July 17, 2009
St. FX reviews investment practice
ANTIGONISH – St. Fracis Xavier University is rethinking its decades-old practice of investing nearly all of its contributions from donors in the stock market after a year when markets collapsed.
A report in the Globe and Mail said the school’s endowment fund, used for items like scholarships and academic posts, hit a high of $100.1 million last July 6 but fell to $50.1 million at the end of December. The loss was the result of the university having 90 per cent of its endowment invested in the Canadian stock market with the rest in U.S. equities. There are cost cutting measure in place for September, said the story, and the university’s board is considering changes to its investment strategy.
Over the past 15 years, St. FX investments, which are managed by volunteers, have achieved some of the highest returns in Canada.
U of C unifies arts, social sciences
CALGARY – In June, the University of Calgary Board of Governors voted to unify the faculties of communication and culture, fine arts, humanities and social sciences into a single faculty.
A U of C release said the transition will begin July 1 with the new faculty to be launched April 1, 2010. Consolidating efforts in one administrative structure will facilitate an improved experience for arts and social sciences students, said the release.

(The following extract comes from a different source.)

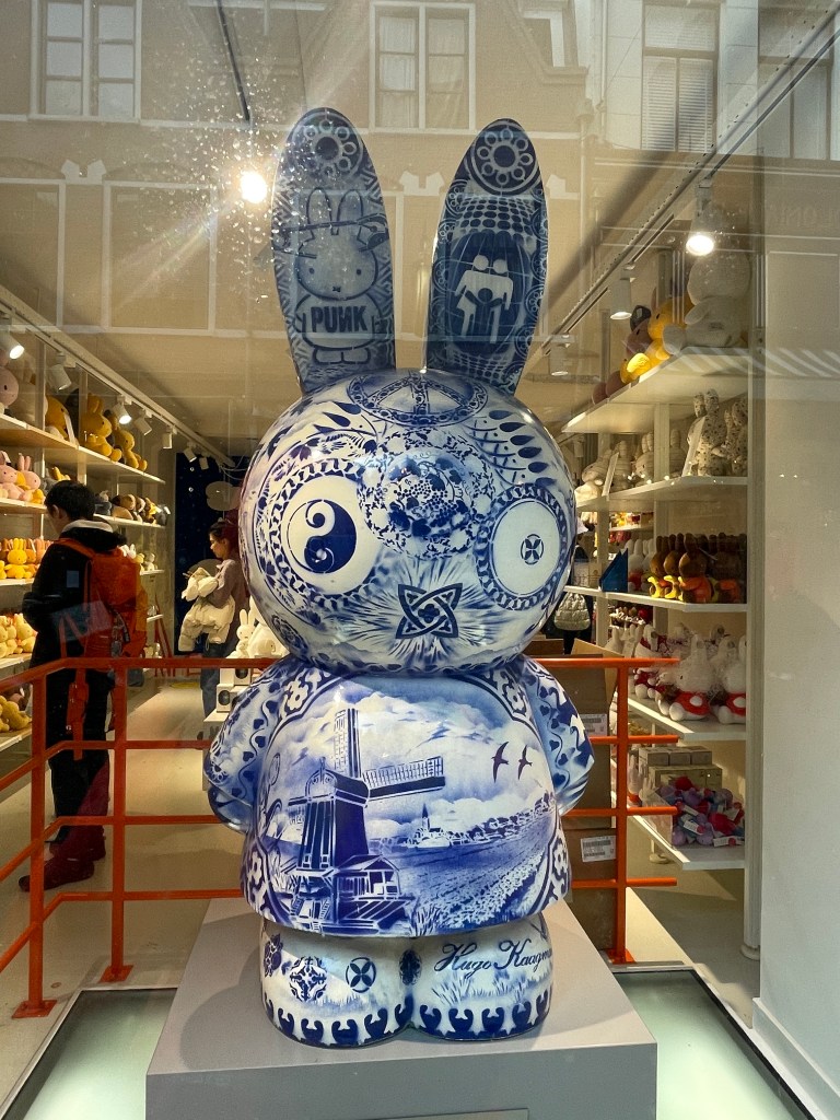 My grandparents came to Amsterdam in the 1960’s and brought everyone back a piece of Blue Delft China, mostly little windmills. Blue Delft china has been produced since the mid-1600s. This is a giant Blue Delft Miffy, a fictional rabbit appearing in a series of picture books drawn and written by Dutch artist Dick Bruna.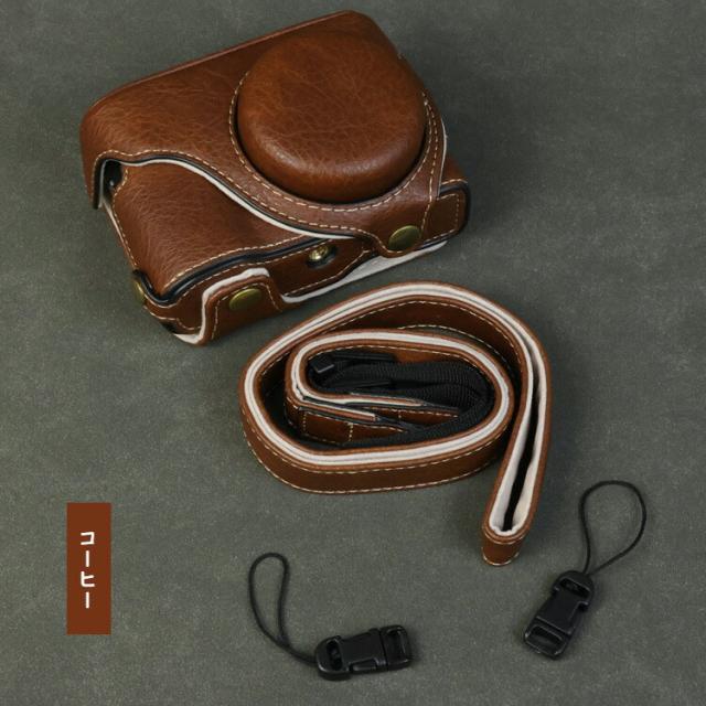 LUMIX DC-TZ99 ケース ZS99 カメラケース PUレザーハーフケース ショルダーストラップ 肩掛け ショルダーベルト付き ストラップ 肩掛けベルト付き ハーフカバー 保護ケース シンプル 傷つき防止 Panasonic パナソニック ルミックス DC-TZ99 ZS99 カバー カメラ保護 衝撃吸収

Expected benefits include simplifying rules and regulations, streamlining academic advising, simplifying transfers between programs and improving course selection.
School of brew
ST. CATHARINE’S – Wellend College may soon be the first in Canada to offer a beermaking program.
According to a story in The Standard, students have been able to study wine making and grape growing for nine years at the college’s Niagara-on-the-Lake campus. If approved, students will be able to earn a two-year diploma in combining water, yeast, hops and malt into fine brews.
Warning sounded
TORONO – David Foot, demographer and author of Boom, Bust and Echo, is warning that the billions in stimulus money handed out by the federal and provincial governments to universities and colleges will lead to empty classrooms if population trends are not taken into account.
In the Globe and Mail, Foot said infrastructure funding should go to upgrading existing building and equipment rather than building new because enrolment numbers across the country are about to decline.
“I am not sure that we should be expanding universities,” he is quoted as saying. “Campuses are crammed today. It doesn’t mean they will be crammed this way tomorrow.”